The caseless ammo I saw, .45 cal, operated more like a miniature rocket and had virtually no recoil (controlled burn), but I suppose if you look at caseless like the old blackpowder variant (explosion) then yes recoil is still there.
What you saw if it had a miniature rocket was a Gyrojet firearm. That's something different than "caseless". Gyrojet ammo actually HAS a metal case containing the propellant, technically - the "case" just gets shot out of the gun along with the bullet.
http://en.wikipedia.org/wiki/GyrojetCaseless ammo is just regular ammo, without a case. Instead of being held to the bullet with a brass shell, the propellant is mixed with a binding agent so it can be formed into shapes. They otherwise act like normal bullets, including generating the normal amount of recoil.
Modern caseless ammo in development generally doesn't "cook off" much any more, the propellant has been improved to avoid that. In fact, generally caseless ammo doesn't even use regular gunpowder anymore, many of them use a variant of RDX plastic explosive. Static electricity apparently doesn't do much to the current generation of caseless ammo (the primer needs a very specific amperage and voltage to go off), and if tossed in a very hot fire it'll burn instead of explode. And, it's waterproof.
Additionally, most caseless ammo actually has the bullet INSIDE the shaped propellant, so they really can't come apart just by being jostled or bumped.

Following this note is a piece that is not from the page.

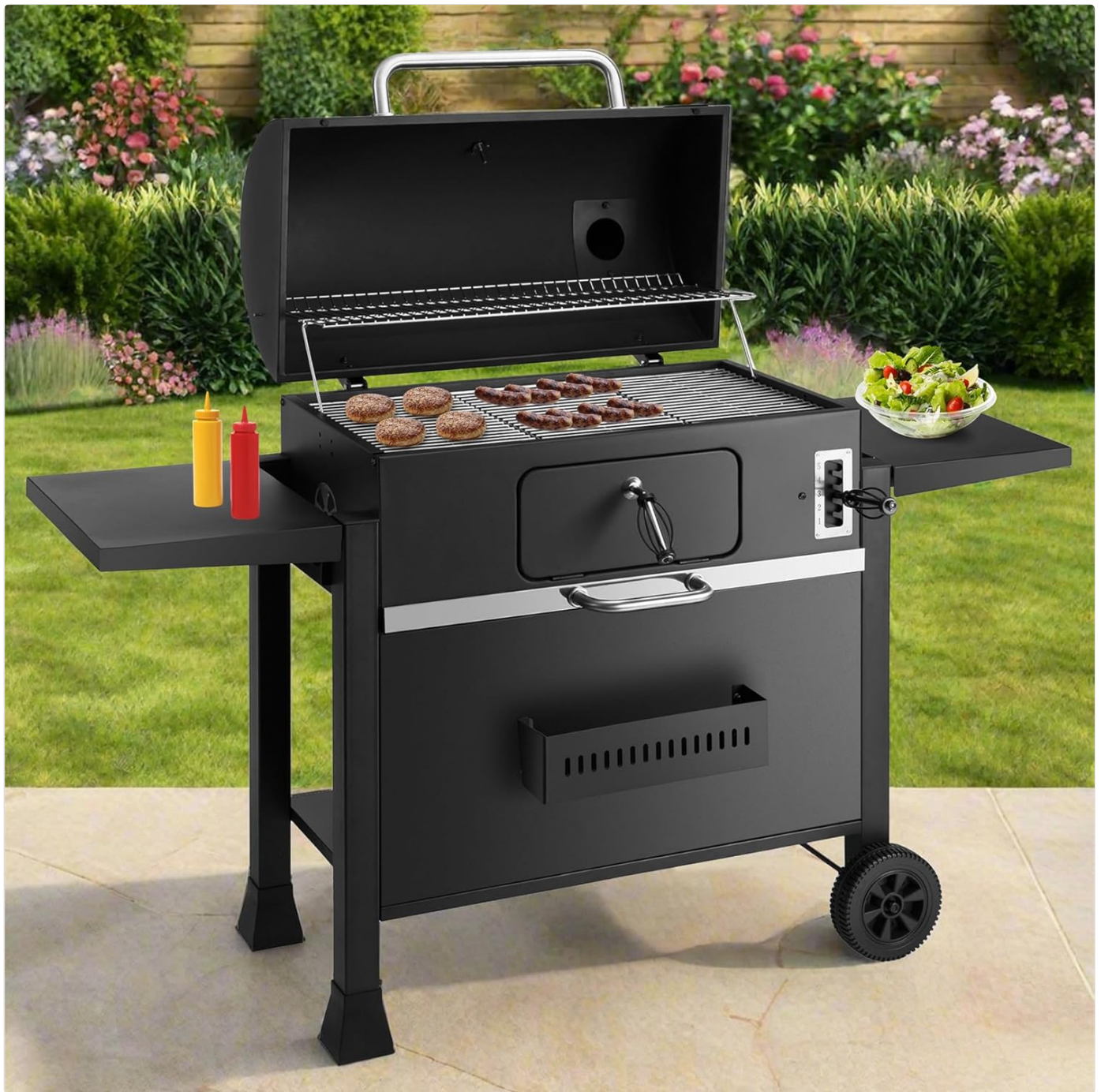
Figure 5: The KCT XXL Charcoal BBQ Grill in an outdoor setting, actively cooking various foods on its spacious grates, with condiments and a salad bowl on the side shelves.

A small initiator charge pushes the bullet out of the propellant block into the barrel, and then the rest of the propellant ignites to push the bullet out of the gun like normal.
Really, the barrier to caseless ammo isn't the technology. It's the cost of changing an entire system to use something different. Unless you can demonstrate a HUGE benefit over cased ammo, most folks aren't going to spend resources to hange the way they've always done things. And while caseless has some advantages, it's not enough to make that justification.